Музыка стихла, Зал сжался пружиной концентрированного пространства, я приподнялся на носки, надеясь заглянуть в Зал сверху, из точки слияния Харт-энд-Соул... и попал в ловушку: пружина распрямилась, опрокинув на дощатый пастил. Я перевернулся на живот, подтянул к груди коленки, встал на четвереньки, постанывая, надеясь:

"Сидя на красивом холме..."

И скис... скис... кис-кисс...

Меня куда-то несли, везли, тащили, волокли, как тюк, мешок, ящик с паклей, ватой, дерьмом; катали-переворачивали разноцветные люди с разнокалиберными целями; тени-пятна лиц, блики-выкрики волос. Вместо нашатыря меня пробуждали плясками белых халатов: хо-о-шень-ки-э де-э-воч-ки в бее-ээнь-ких хаа-ти-ках. Их разогнал неприятно-сердитый бас, заполнив пространство, жидкое, как кисель без крахмала: "Приходит в себя!" Ба-шой шут-ник по-па-ася. Кто при-ходит в меня? Лицо: Сиби, Кесс, Милена. Зачем-почему она?

Болезненный укол в руку, фиксированно-горизонтальное положение тела – отдых...

Я спал-спал-спал... Знал, что сплю и не беспокоился. Лишь напевал: "Баю-бай, спи до тех пор, пока не проснешься..."

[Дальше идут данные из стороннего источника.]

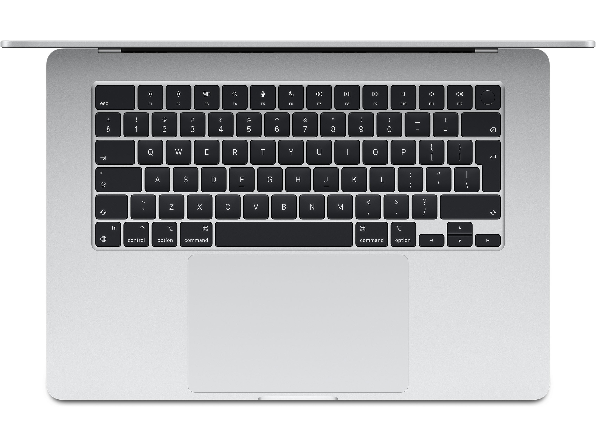 2) Skjermen på 15-tommers MacBook Air har avrundede hjørner på toppen. Skjermen måler 15,3 tommer på diagonalen i et rektangel. (Den faktiske synlige skjermflaten er mindre.)

Нежданный гость: меня посетило солнце! Привет! Но глаза открылись нехотя. Задрапированные окна сдерживали напор света, но крохотная щелка-точка пропускала луч, выстреливая в глаза. Мучала жажда, как с похмелья. И общая слабость – головокружение с примесью желудочного дискомфорта. Я повернул голову к стене, прошуршал волосами о накрахмаленное одеяние подушки. "Человек свалился в реку, помогите..." Ого! Куда меня занесло!

Фотообои ласкали видом берега Лазурного Моря – нежнобелый песок, ананасовые пальмы, банановая трава, баранчики волн. Девочки, играющие в прибрежной воде. Девушки, бронзовеющие на поцелуе океана и суши. Знакомый пляж. Знакомая комната. Я влез – когда-то – по водосточной трубе, надеясь позагорать в постели, всю ночь, с хозяйкой дома, Принцессой. Миленой. Но она оказалась проворнее и хитрее, чем я. Смешно вспоминать прошлое, связанное с неудачными любовными попытками. Ага! Радостная весть – если я могу смеяться – я жив, что само по себе приятно, без приправы.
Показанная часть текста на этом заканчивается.